Not all investigations are litigious in nature. In fact, many investigations are conducted with no intention to prosecute the offender(s). Many times, the investigator is most interested in determining what happened, how to fix it, and how to prevent it from happening to other systems. A stringent methodology should still be used, but that methodology will need to meet several criteria. While the methodology must retrieve data in a forensically sound manner, it must also be quick, efficient, and easy to use. It should also require very little interaction from the first responder in order to collect the data but provide a degree of flexibility to the investigator when it comes to correlating and analyzing the data. The Forensic Server Project meets these needs.
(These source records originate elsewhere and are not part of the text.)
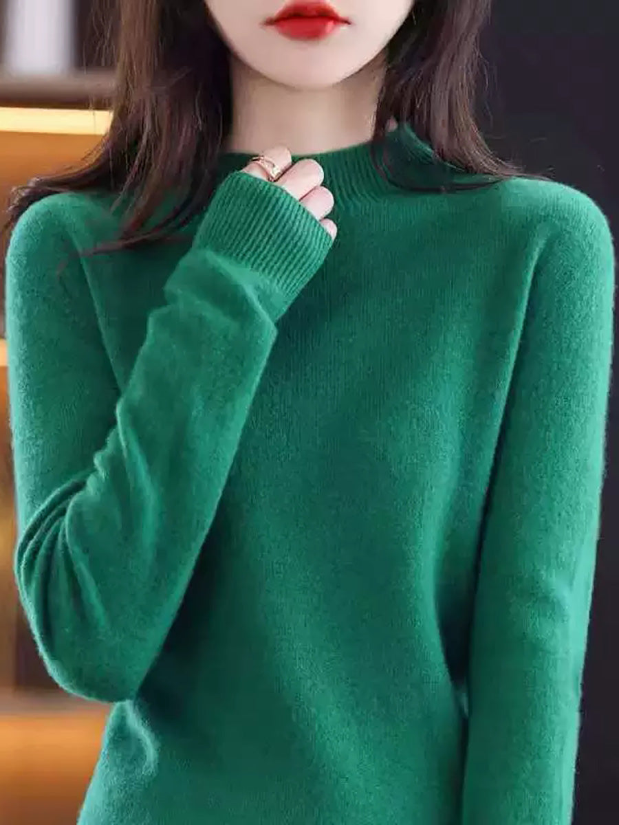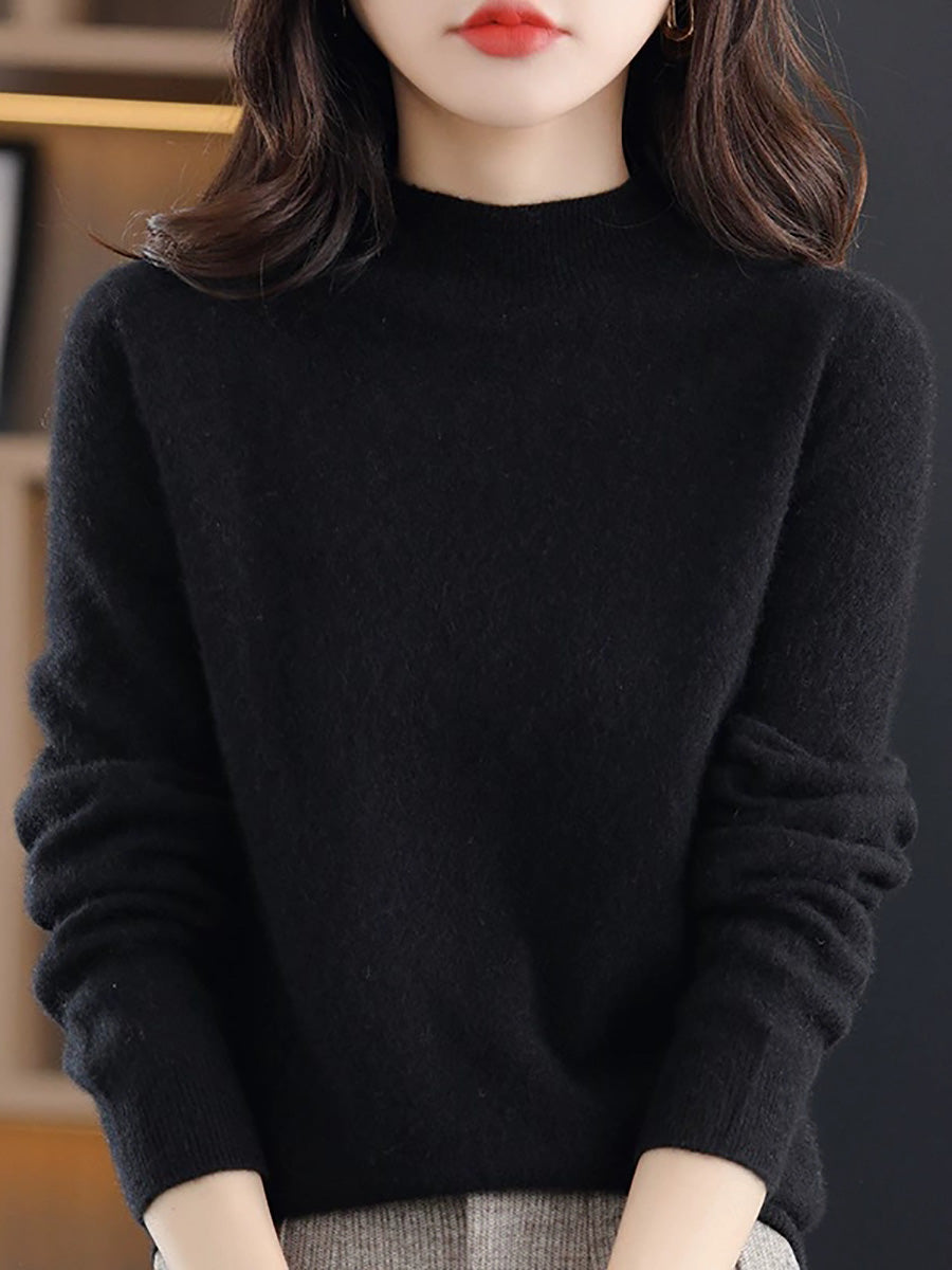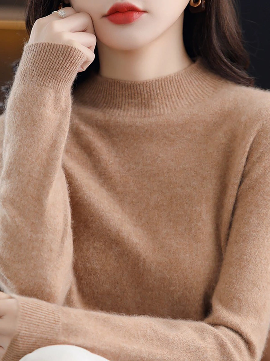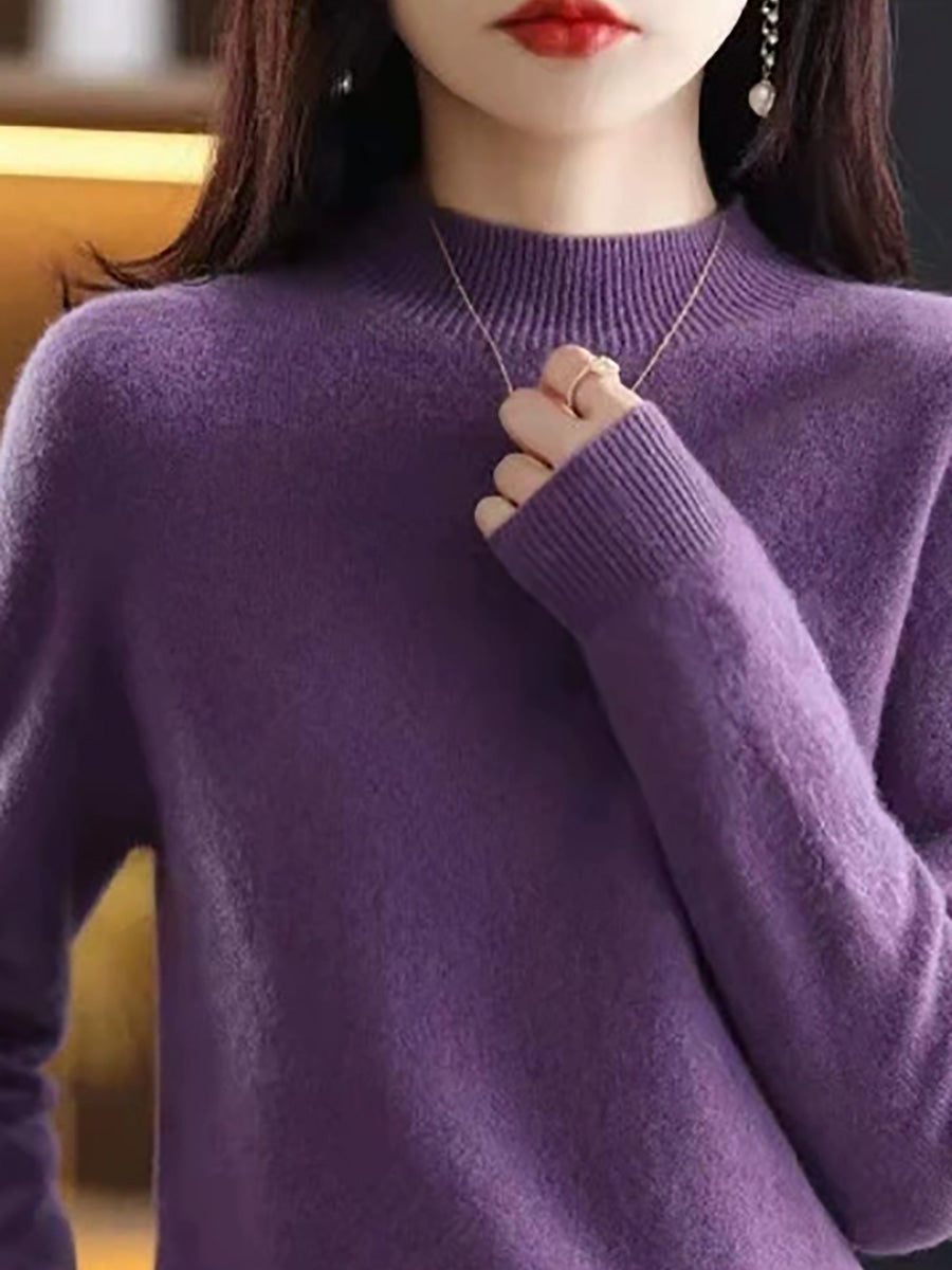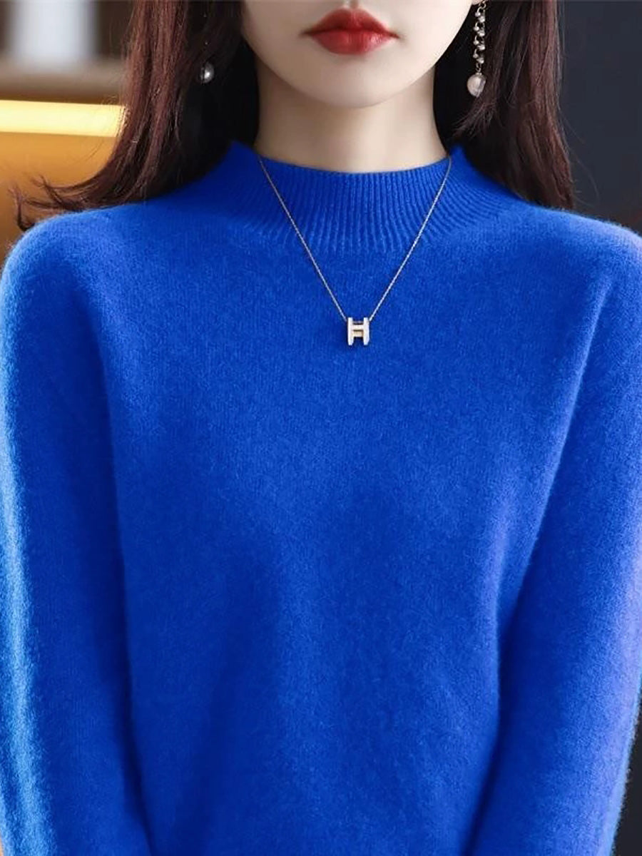 Suéter feminino de inverno com gola alta e estampa artística em cores lisas.
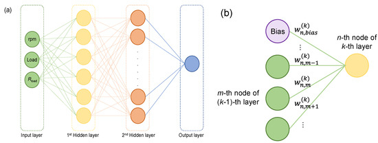 All the training datasets, including both the input and output datasets, were reorganized using the developed Python code to build the ANN according to the dimensions of the input and output variables (Figure 2a). The weight of each neuron formed between the nodes of two adjacent layers was also generated according to the number of nodes, whose range was predetermined before the training of the ANN (Figure 2b). All the nodes of the hidden layers and output layer had a bias correction value that was also normalized before the training and was updated during the training procedure.
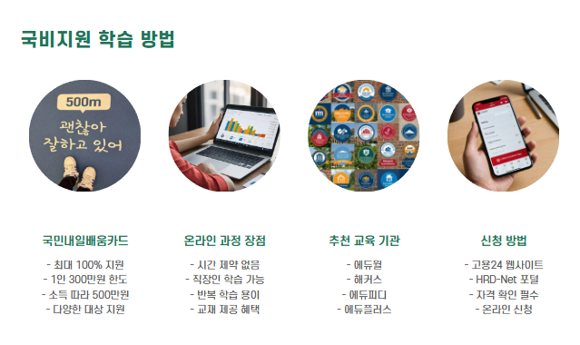 국민내일배움카드를 활용하면 최대 100% 국비지원으로 강의를 들을 수 있습니다.
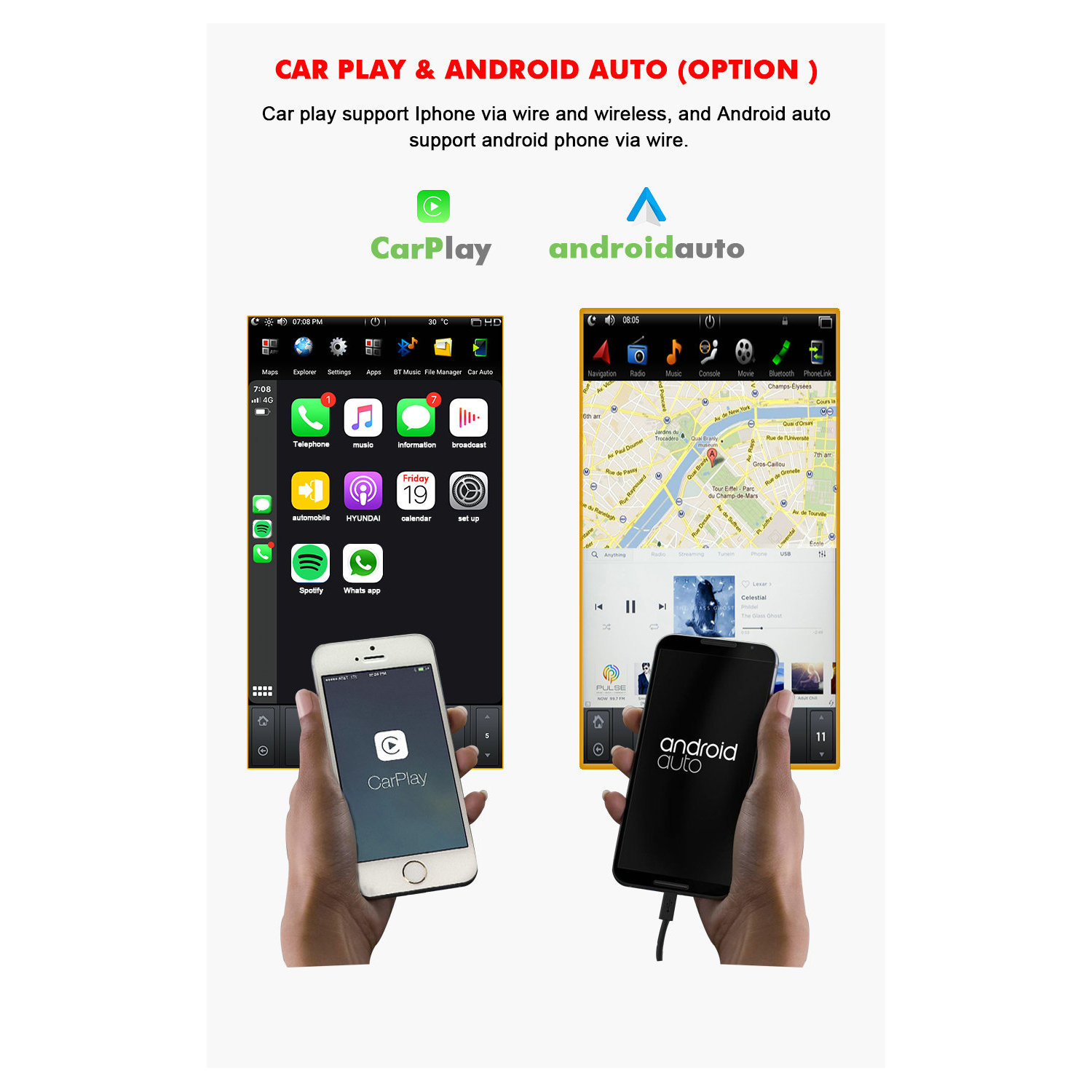 *** Mirror Link, support iphone wireless projection, android phone wire and wireless projection screen.
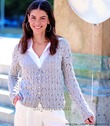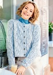 Этот кардиган состоит из левой и правой передних частей, спинки, рукавов, вязаных деталей, которые соединяются вместе, связанных крючком краев и украшений. Сначала вяжите переднюю и заднюю части, а также рукава по отдельности. Затем соедините вязаные детали. Затем обвяжите крючком соответствующие участки. Наконец, изготовьте и пришейте украшения.
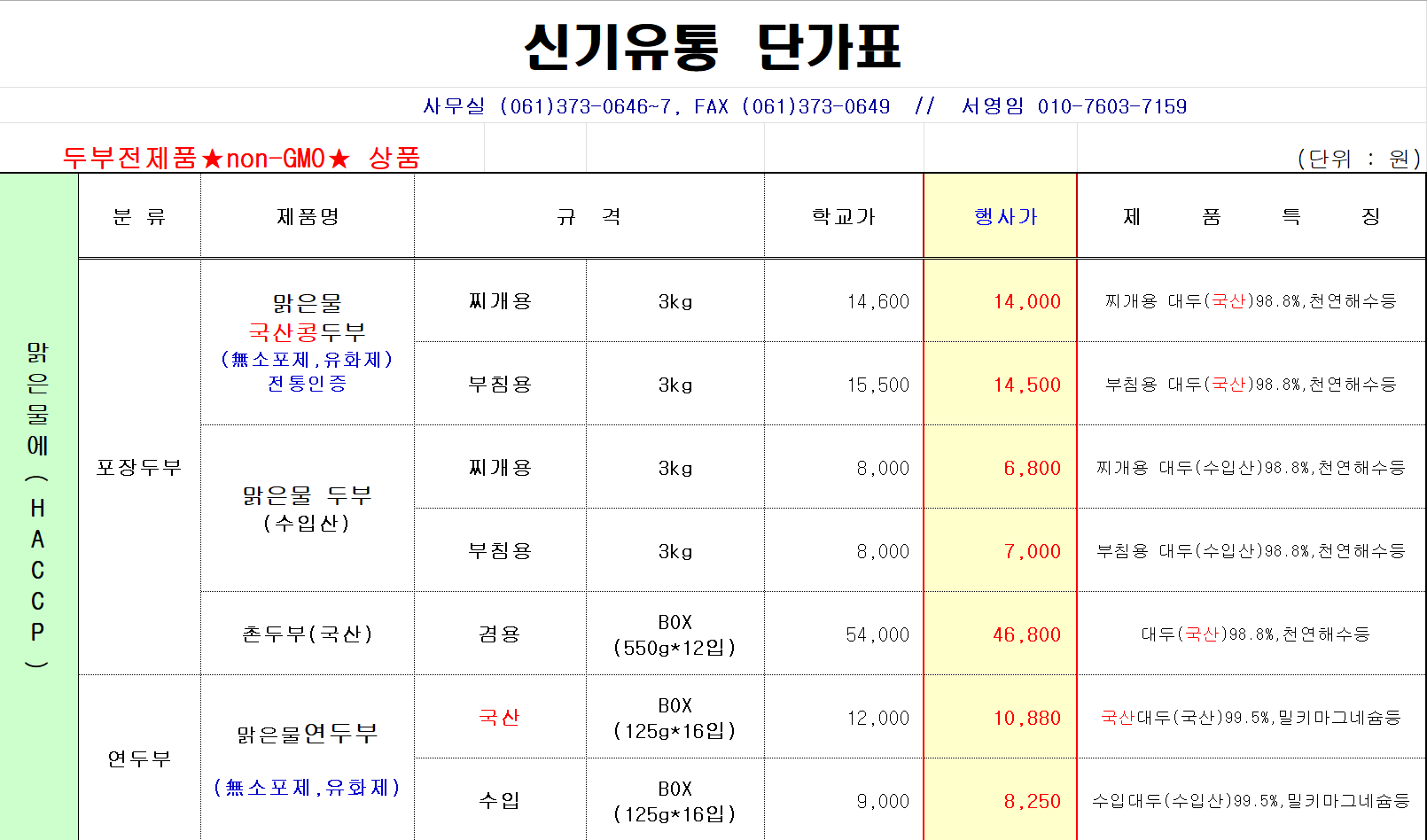 신기유통 4월 맑은물에, 오성, 담양한과, 삼육두유
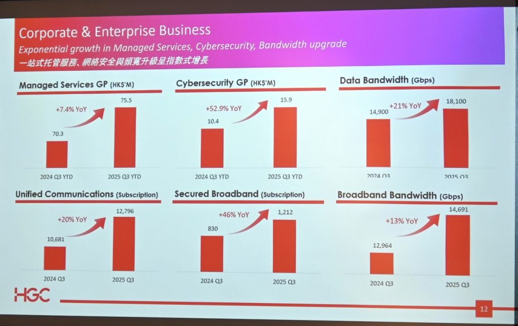 在企業業務方面,HGC環電現正服務超過46,000間大型公司及企業。截至2025年第三季,託管服務、網絡安全解決方案的毛利分別按年增長7.4%和52.9%。
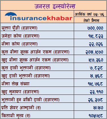 केही समय अघि मात्र संचालनमा आएको जनरल इन्स्योरेन्सले आफ्नो तेश्रो त्रैमासको वित्तिय विवरण सार्वजनिक गरेको छ। कम्पनीले आर्थिक वर्षको तेश्रो त्रैमाससम्म २० करोड ४९ लाख कुल बीमा शुल्क आर्जन गरेको छ भने ९ करोड ७३ लाख खुद बीमा शुल्क आर्जन गरेको छ। कम्पनीमा हाल १९ हजार ७ सय ६८ बीमा लेख संख्या कायम छन्। कम्पनीले तेश्रो त्रैमास सम्म २ करोड ३१ लाख खुद नाफा गरेको छ।
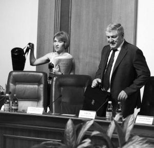 Большинство министерских кресел пустуют. Туда садятся заместители правительственных чиновников. В отпуске до 22 августа и премьер Николай Азаров. Сотрудница Кабмина поправляет табличку главенствующего на заседании первого вице-премьера Андрея Клюева.
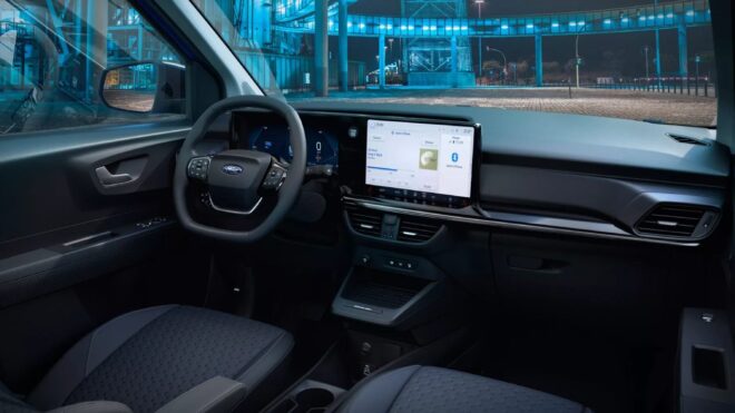 “Digiboard” gösterge panelinde Ford’un en yeni SYNC 4 sistemine sahip 12 inçlik dokunmatik orta ekran bulunuyor. İlerleyen dönemlerde Türkiye marketinde de yer alacak olan aboneliğe dayalı Bağlı Navigasyon trafik, park, şarj ve bölgeye özgü koşullarla ilgili güncellemelerle üretkenliği artırabiliyor ve sürücünün iş yükünü azaltabiliyor. Kablosuz Android Auto ve Apple CarPlay uyumluluğu ise standart4. Yenilikçi, sınıfında benzersiz “Office Pack” dizüstü bilgisayar kullanmayı, evrak doldurmayı veya kabinde mola vermeyi daha kolay ve rahat hale getirmek için katlanabilir düz bir çalışma yüzeyi ve aydınlatma içeriyor.

The FRU, used in conjunction with FSP server component, provides an automated collection, transport, and documentation mechanism for the use of a variety of third-party and native tools. The Perl programming language not only acts as the "glue" language to encapsulate the necessary functionality but also provides a quick and easy means for parsing the collected data for information of interest, such as discrepancies in process information.

Up to now, we've focused on finding evidence of an incident on a single host. The Forensic Server Project can quickly and easily be used to collect and analyze data from several hosts. Chapter 9, Scanners and Sniffers, will take this a step further by demonstrating tools and processes for retrieving additional data from the network itself.